Pricing

Pay per usage

Email Extractor Pro — Bulk Website Emails, No Hunter.io Cap

Email lists in 2 min — emails + page title + URL + role hint as CSV. No Hunter.io cap. 201 runs · 14 users · 6 u30d · 98% success. From author of trustpilot-review-scraper (972r). B2B prospecting + sales. blog.spinov.online · dev.to/0012303

Pricing

Pay per usage

Rating

0.0

(0)

Developer

Alex

Actor stats

Bookmarked

Total users

Monthly active users

3 days ago

Last modified

What this actor returns (verified against `src/main.js`)
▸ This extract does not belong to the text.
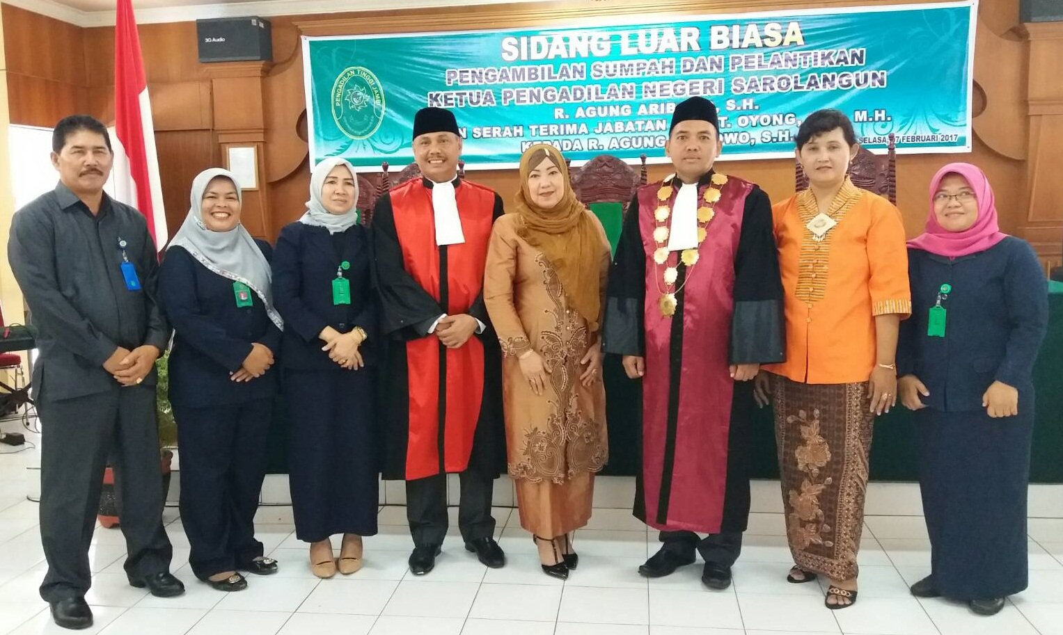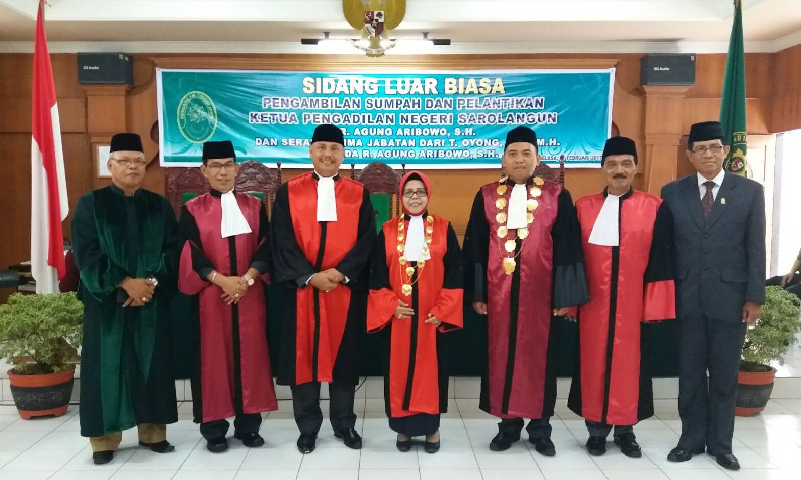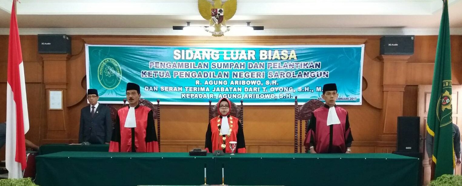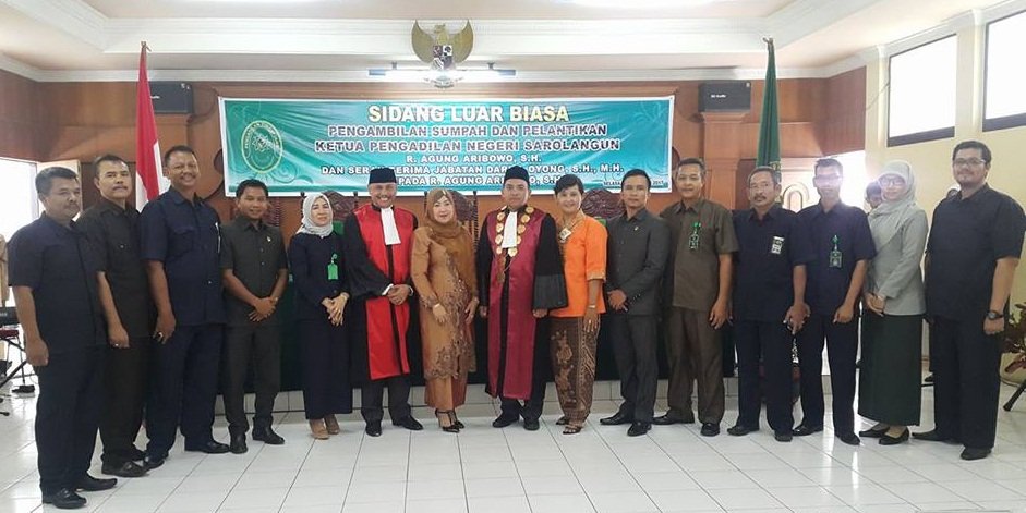 Pada Hari Selasa tanggal 07 Februari 2017. Bertempat di Ruang Aula Pengadilan Tinggi Pengadilan Tinggi Jambi dilaksanakan Sidang Luar Biasa Pengambilan Sumpah dan Pelantikan Bapak R. Agung Aribowo, S.H. sebagai Ketua Pengadilan Negeri Sarolangun yang dipimpin oleh Ketua Majelis Pengadilan Tinggi Jambi Ibu Hj. Irama Chandra Ilja, S.H.,M.H Ketua Pengadilan Tinggi Jambi didampingi oleh anggota majelis Bapak JANUARSO RAHARDJO, S.H dan Bapak AGUS JUMARDO, S.H.,M.H.

When at least one email is found, one record is emitted per email:

{
  "email": "contact@example.com",
  "source": "https://example.com/contact",
  "domain": "example.com",
  "fromMailto": true,
  "phones": ["+1 (555) 123-4567", "+44 20 7946 0958"],
  "socialLinks": [
    { "platform": "linkedin", "url": "https://linkedin.com/company/example", "foundOn": "https://example.com/contact" }
  ],
  "scrapedAt": "2026-04-29T12:00:00.000Z"
}

When zero emails are found, a single summary record is emitted (still includes phones + socials if any):

{
  "email": null,
  "message": "No emails found on the provided URLs",
  "phones": ["..."],
  "socialLinks": [{ "platform": "...", "url": "...", "foundOn": "..." }],
  "urlsScanned": 5,
  "scrapedAt": "2026-04-29T12:00:00.000Z"
}

If neither emails, phones, nor social links are found, the record contains only email: null, message, urlsScanned, scrapedAt.

fromMailto: true flags emails extracted from <a href="mailto:..."> links — these are highest-confidence captures. Regex-extracted emails do not carry fromMailto: false; the field is simply absent. Code your downstream as email.get('fromMailto', False).

Features (verified against `src/main.js`)

Deep crawling — follows internal links up to maxDepth (configurable 0–5 in input_schema).
mailto: and tel: priority — <a href="mailto:..."> and <a href="tel:..."> extracted directly via DOM selector first, then text regex sweeps the rest.
7 social platforms — LinkedIn, Twitter / X, Facebook, Instagram, YouTube (@, /channel/, /c/), GitHub, TikTok (@handle form only).
Junk filter — drops noreply@, no-reply@, donotreply@, *@example.com, *@test.com, *@localhost, sentry.io, wixpress.com, wordpress.com, and image-suffix false positives (*.png, *.jpg, *.gif, *.svg, *@2x.*, *@3x.*). Also drops anything > 100 chars.
Email dedup — emails are lowercased + Map-based dedup runs across the whole crawl regardless of the deduplicateEmails flag (see Honest Limitations).
Phone regex — requires either a +CC international prefix, a (NNN) group, or NNN-NNN-NNNN separators — avoids matching plain numeric IDs / SKU strings.
Same-domain enforcement — strategy: 'same-domain' plus a transformRequestFunction that re-checks linkDomain === targetDomain. Won't wander into ad networks or analytics CDNs.

Use cases

Lead generation — build email lists from category-targeted seed company sites
Sales prospecting — get decision-maker contacts across hundreds of target companies in one run
PR / link building — collect journalist + blogger emails for outreach
Recruitment — extract recruiter contacts from agency / freelancer sites
Data enrichment — append email + phone + social to an existing CRM dump

Input parameters (verified against `.actor/input_schema.json`)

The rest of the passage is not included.